▸ DATASET RECORDS
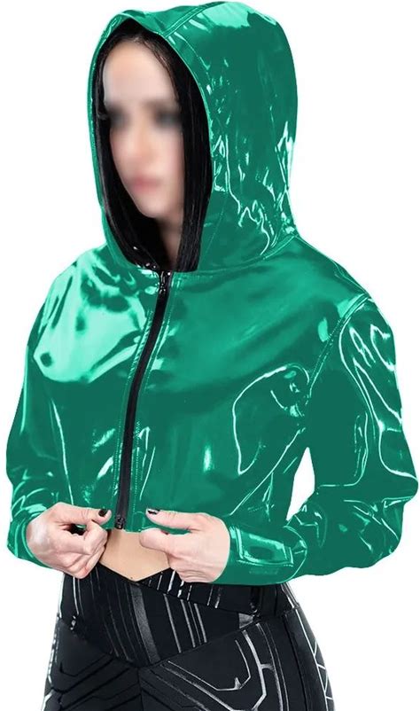 Shiny PVC Suit Jacket For Women, Long Sleeve, Turn Down Collar, Faux Leather Coat, Sexy High Waisted
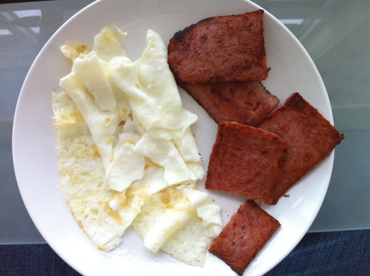 2. LOL! You wouldn’t by chance have eaten at my house growing up would you? We ate spam all the time, which probably explains why I am a health fitness professional now. I have to say I agree with balsa, a bit of irony to skip the yolks when you have a side of spam. But hey, I guess you have to make sacrifices somewhere.
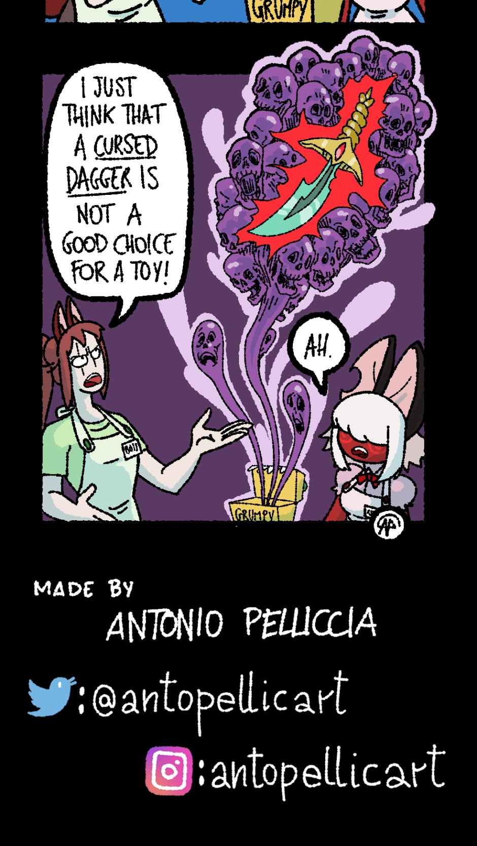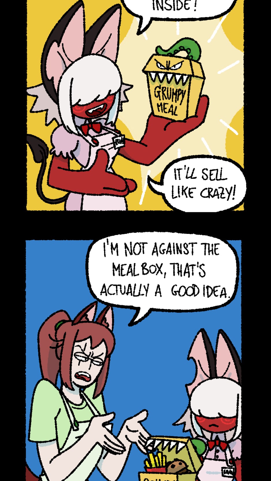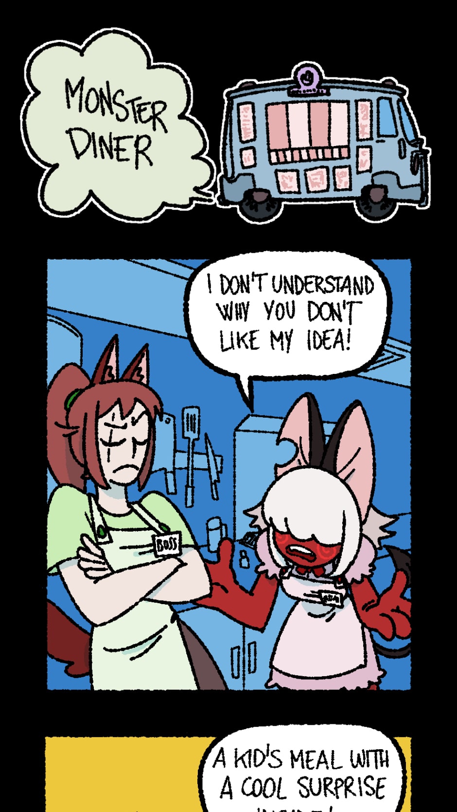 What if a zombie wants a good burger instead of the usual brains? Are vampires tired of drinking blood, and could use a nice coffee after an all nighter? Do eldritch horrors from out of reality want fries with their chicken nuggets? Go to the Monster Diner and find out! The Boss, Runa and Ed are sure to satisfy every costumers... or make a mess trying.
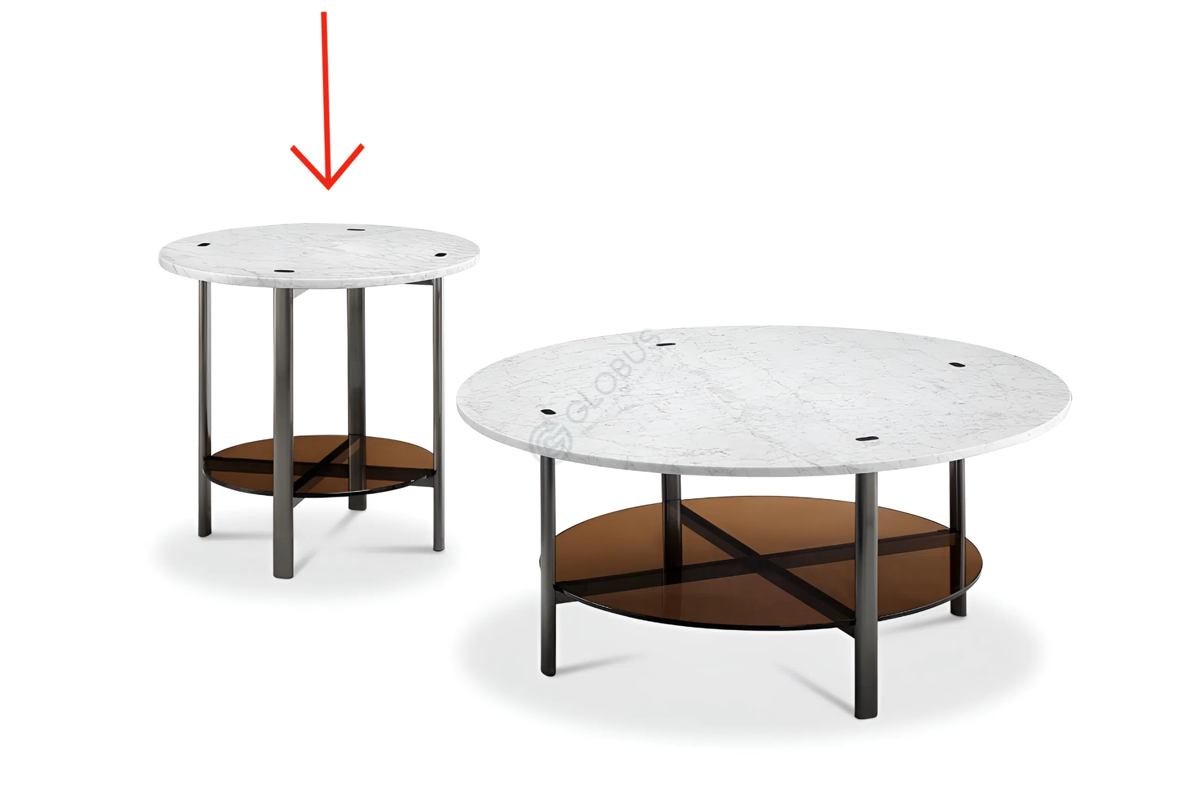 Представляем вам уникальный журнальный столик, который станет прекрасным дополнением для вашей современной гостиной. Этот элегантный и практичный предмет мебели выполнен из высококачественных материалов - натурального мрамора, нержавеющей стали и закаленного стекла толщиной 8 мм.
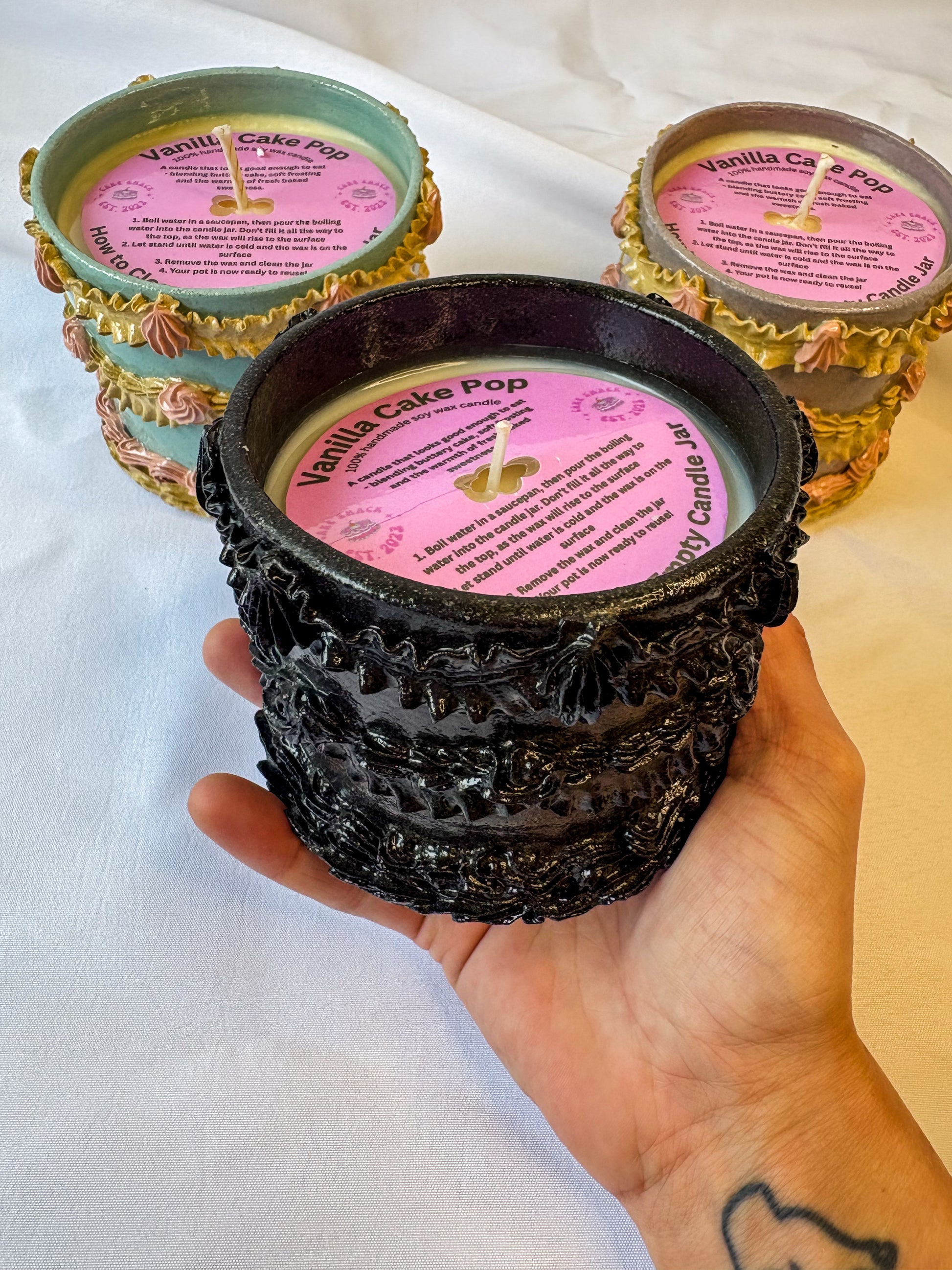 Comes in 6 different colors - pink, purple, blue, green, black and rainbow. As well as the pink ceramic cake design with pink soy wax also vanilla cake pop scented.
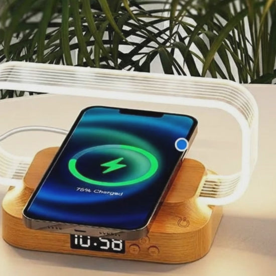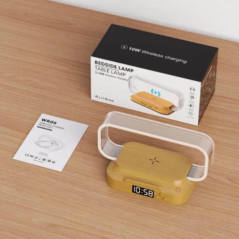 Upgrade your bedside or workspace with this sleek and modern multifunctional lamp. Combining a digital clock, night light, and wireless fast charging pad in one compact design, it’s the perfect mix of convenience and style for any room.
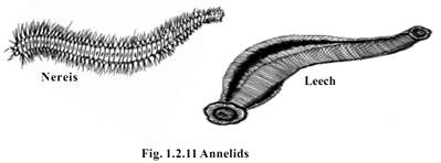 This phylum includes three Classes, namely Polychaeta, Oligochaeta and Hirudinia. The polychaetes are marine worms. They have a distinct head. There are pairs of lateral projections called parapodia. The examples are Nereis (ragworms), Arenicola (lugworm).
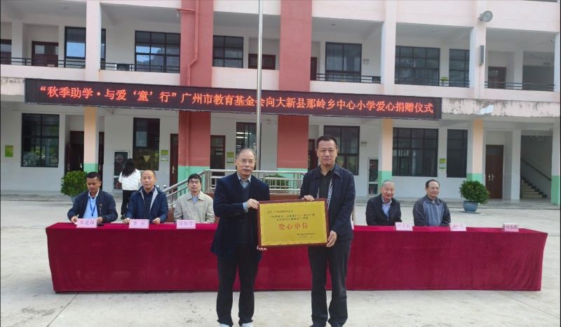 核心环节中,广州市教育基金会副理事长张强、刘定锐分别向两所学校递交爱心捐赠牌。广西民族教育发展基金会理事长韦兰明为广州市教育发展基金会颁发“爱心单位”牌匾及公益捐赠证书,表彰其对教育公益事业的热心支持。两校校长分别代表学校致谢,承诺将妥善使用捐赠资金,不负社会重托。堪圩乡中心小学学生代表农同学还以真挚话语表达了感恩之情。

▸ ABOUT THIS EXERCISE
Return exactly the lines of the material above, starting at the line containing "What if a zombie" and finishing at the line containing "Представляем вам уникальный", without any pictures.

▸ EXERCISE ANSWER
 What if a zombie wants a good burger instead of the usual brains? Are vampires tired of drinking blood, and could use a nice coffee after an all nighter? Do eldritch horrors from out of reality want fries with their chicken nuggets? Go to the Monster Diner and find out! The Boss, Runa and Ed are sure to satisfy every costumers... or make a mess trying.
 Представляем вам уникальный журнальный столик, который станет прекрасным дополнением для вашей современной гостиной. Этот элегантный и практичный предмет мебели выполнен из высококачественных материалов - натурального мрамора, нержавеющей стали и закаленного стекла толщиной 8 мм.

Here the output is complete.